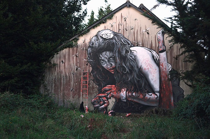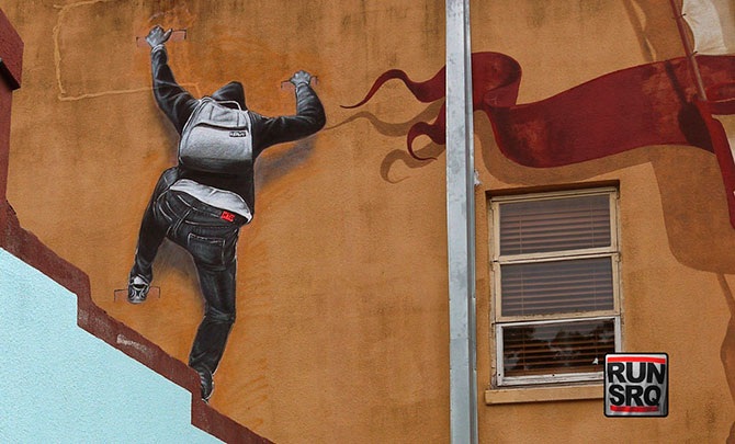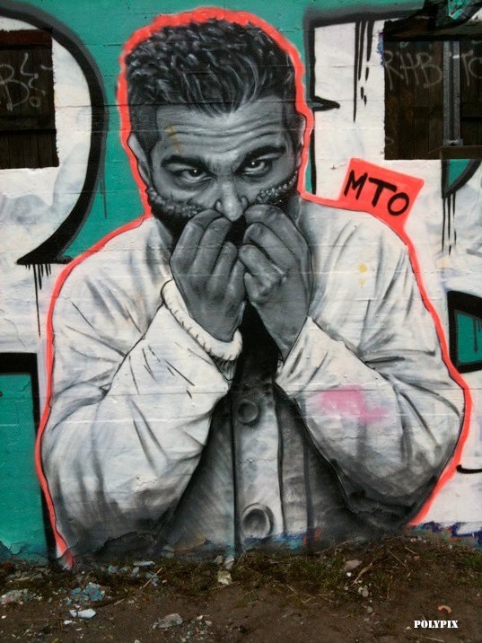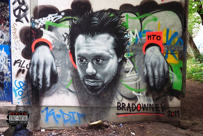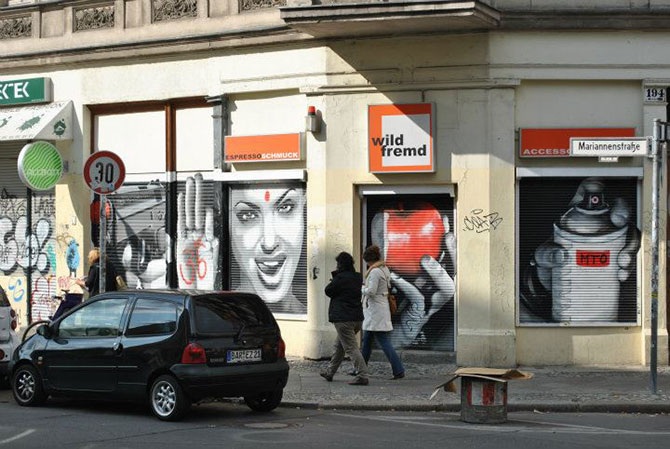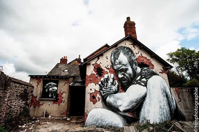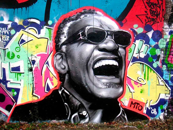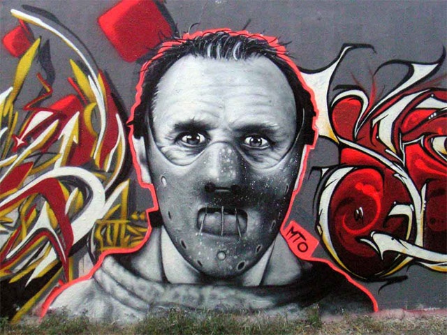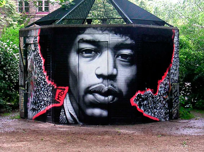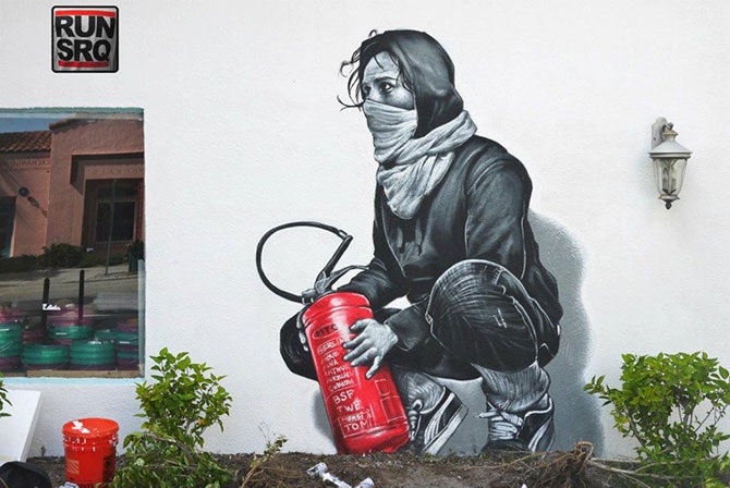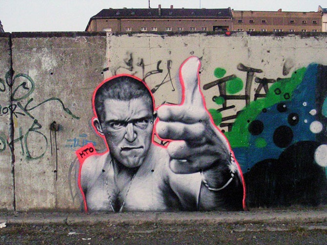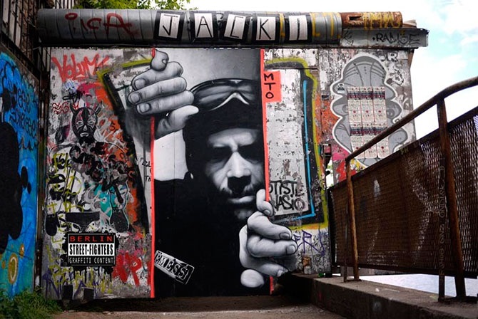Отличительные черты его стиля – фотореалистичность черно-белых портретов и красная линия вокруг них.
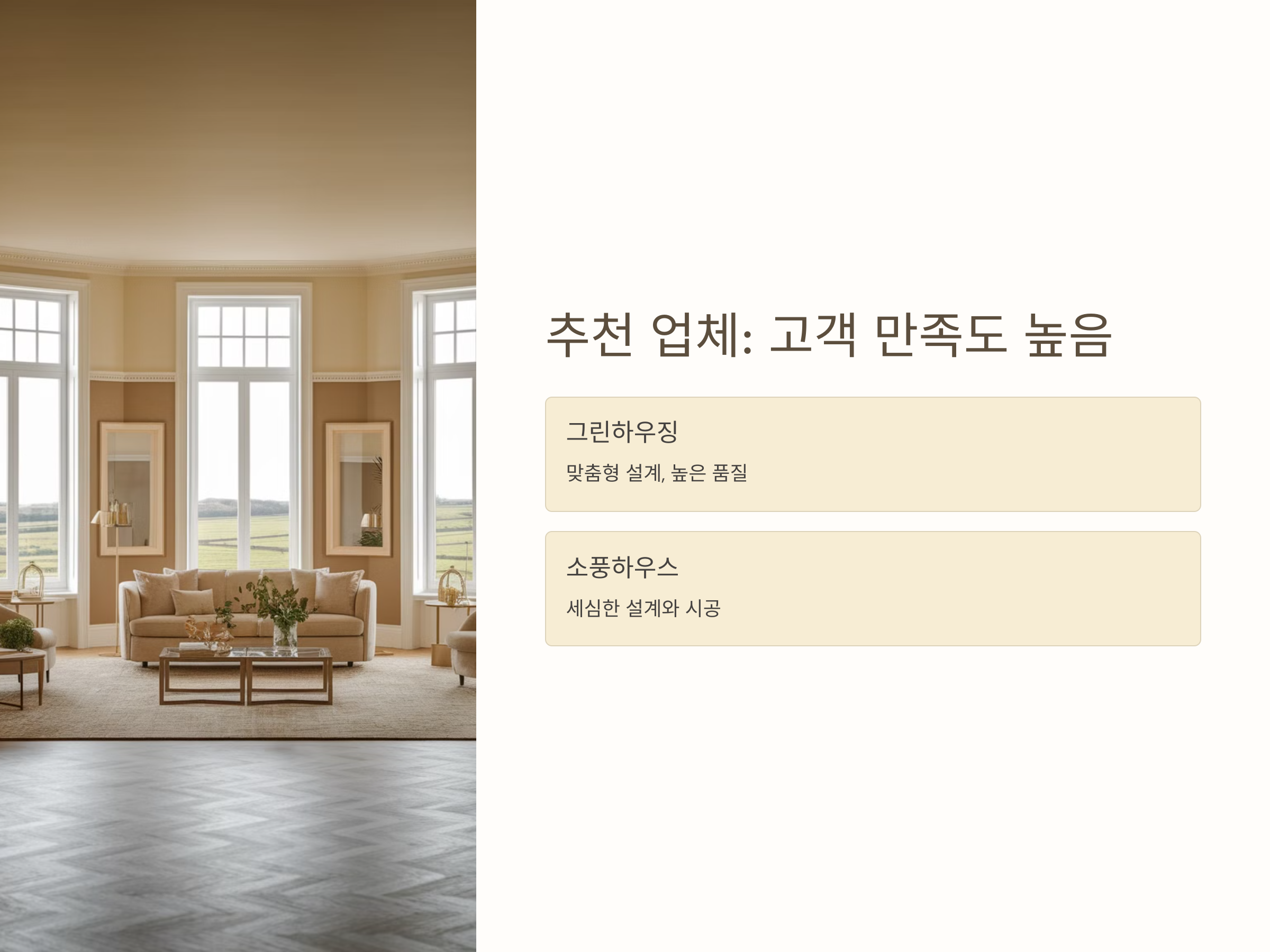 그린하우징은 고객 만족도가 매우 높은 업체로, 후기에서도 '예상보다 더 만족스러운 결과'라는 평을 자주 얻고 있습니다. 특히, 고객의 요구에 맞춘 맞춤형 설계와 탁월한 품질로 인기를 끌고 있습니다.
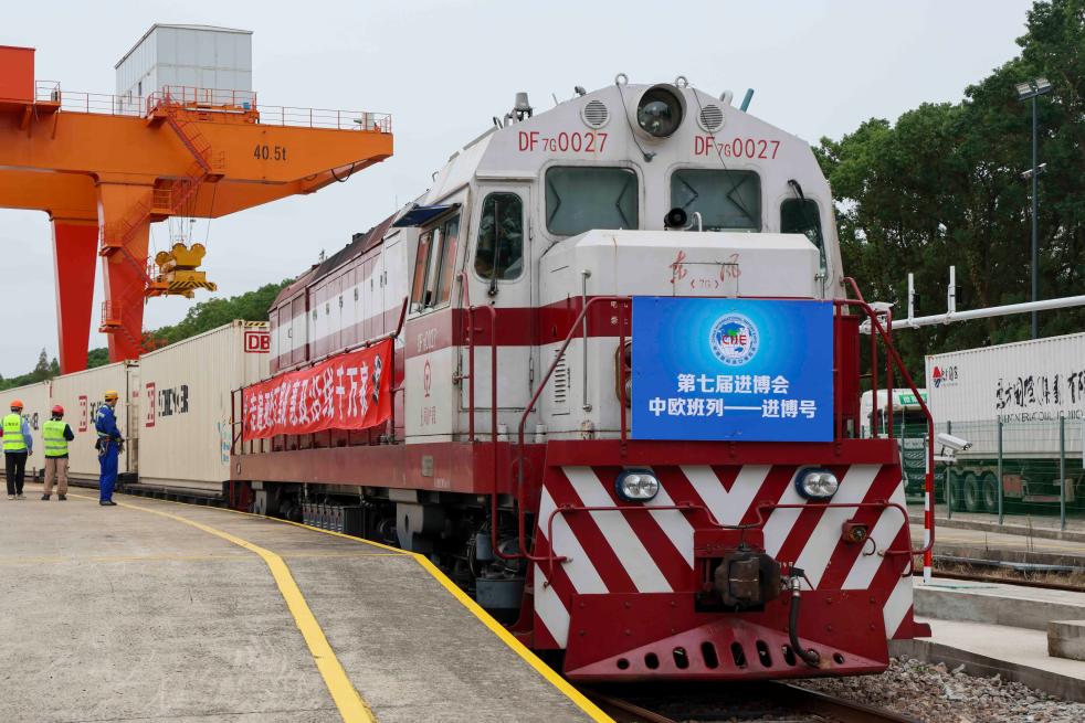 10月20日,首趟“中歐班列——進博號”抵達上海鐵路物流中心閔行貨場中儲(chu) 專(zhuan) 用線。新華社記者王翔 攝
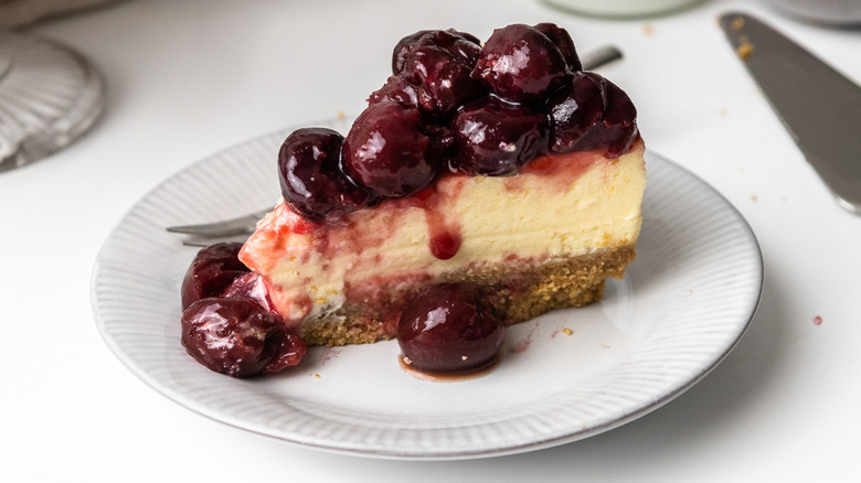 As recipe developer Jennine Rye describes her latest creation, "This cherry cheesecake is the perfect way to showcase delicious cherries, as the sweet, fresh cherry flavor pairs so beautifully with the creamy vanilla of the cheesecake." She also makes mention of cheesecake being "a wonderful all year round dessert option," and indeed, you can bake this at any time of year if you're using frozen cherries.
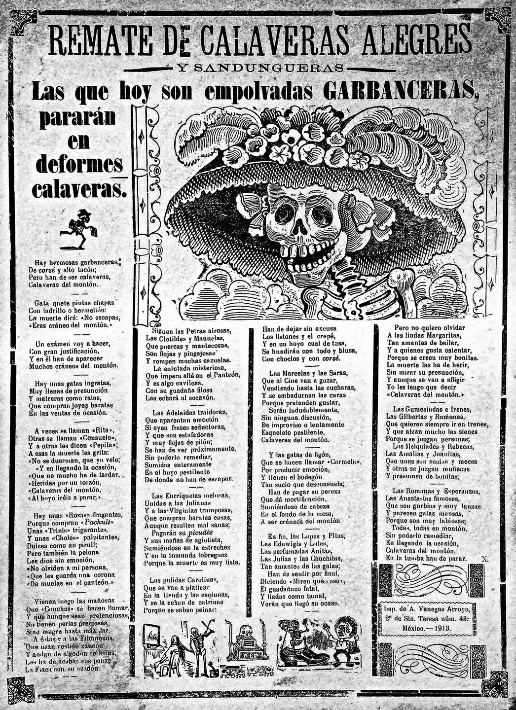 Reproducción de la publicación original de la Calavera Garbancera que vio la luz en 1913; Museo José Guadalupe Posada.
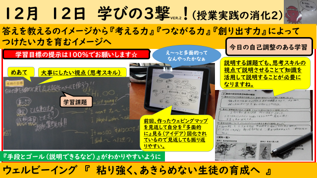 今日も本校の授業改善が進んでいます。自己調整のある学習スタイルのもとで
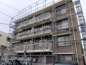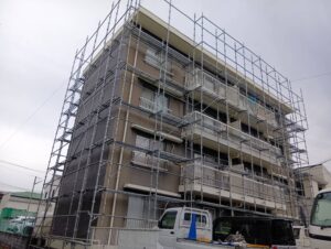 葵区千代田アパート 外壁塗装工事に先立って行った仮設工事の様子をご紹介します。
::::
Task objective »
Skip the pictures. Return exactly the lines from the one containing "그린하우징은 고객 만족도가" through the end of the data above, both included, and nothing besides.

Answer box »
 그린하우징은 고객 만족도가 매우 높은 업체로, 후기에서도 '예상보다 더 만족스러운 결과'라는 평을 자주 얻고 있습니다. 특히, 고객의 요구에 맞춘 맞춤형 설계와 탁월한 품질로 인기를 끌고 있습니다.
 10月20日,首趟“中歐班列——進博號”抵達上海鐵路物流中心閔行貨場中儲(chu) 專(zhuan) 用線。新華社記者王翔 攝
 As recipe developer Jennine Rye describes her latest creation, "This cherry cheesecake is the perfect way to showcase delicious cherries, as the sweet, fresh cherry flavor pairs so beautifully with the creamy vanilla of the cheesecake." She also makes mention of cheesecake being "a wonderful all year round dessert option," and indeed, you can bake this at any time of year if you're using frozen cherries.
 Reproducción de la publicación original de la Calavera Garbancera que vio la luz en 1913; Museo José Guadalupe Posada.
 今日も本校の授業改善が進んでいます。自己調整のある学習スタイルのもとで
 葵区千代田アパート 外壁塗装工事に先立って行った仮設工事の様子をご紹介します。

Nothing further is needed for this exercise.